▸ **Source material**:
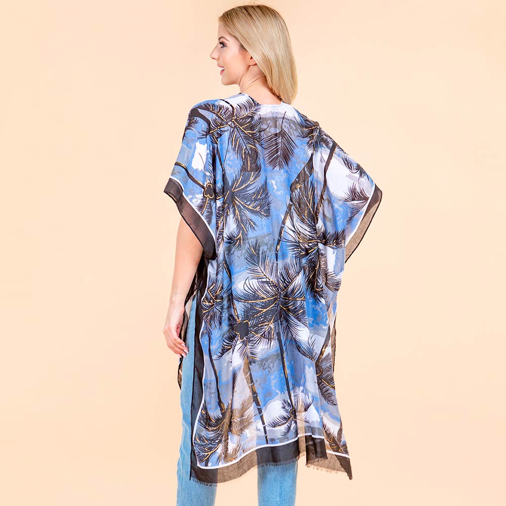 Palm Tree Leaf Pattern Open Front Kimono Poncho Wrap
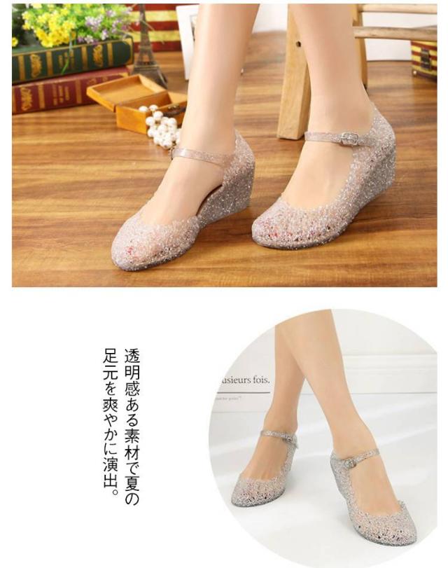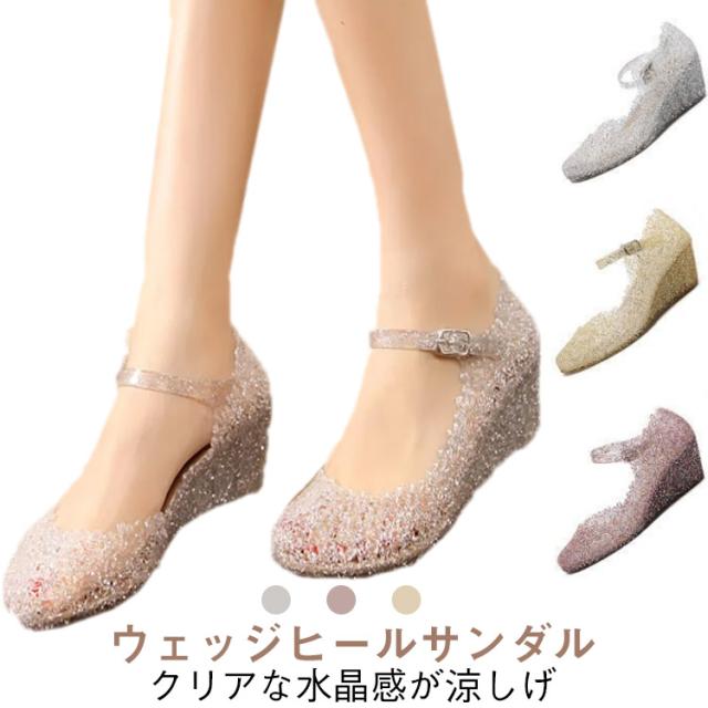 ヒール ウェッジサンダル ウェッジサンダル レディース サンダル 厚底 キラキラ ウエッジソール 歩きやすい クリア 疲れない 夏 ビーチサンダル ストラップ
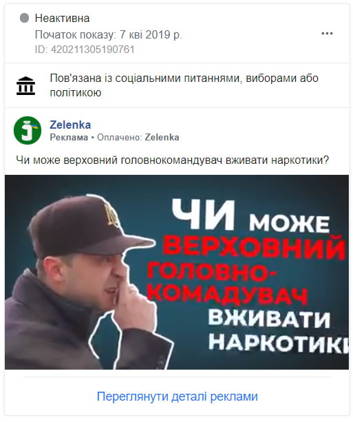 Політична реклама з дискредитацією Володимира Зеленського демонструвалась лише на двох сторінках з п’яти – “Бенин клоун” та “Слуга урода”. При цьому важливо зазначити, що реклама була різною, та на обох сторінках демонструвалась без відповідного застереження, тому її походження визначити неможливо.

▸ **Problem**: Pictures stay out; everything else in the listing above gets restated word for word.

▸ **Answer to the exercise**:
 Palm Tree Leaf Pattern Open Front Kimono Poncho Wrap
 ヒール ウェッジサンダル ウェッジサンダル レディース サンダル 厚底 キラキラ ウエッジソール 歩きやすい クリア 疲れない 夏 ビーチサンダル ストラップ
 Політична реклама з дискредитацією Володимира Зеленського демонструвалась лише на двох сторінках з п’яти – “Бенин клоун” та “Слуга урода”. При цьому важливо зазначити, що реклама була різною, та на обох сторінках демонструвалась без відповідного застереження, тому її походження визначити неможливо.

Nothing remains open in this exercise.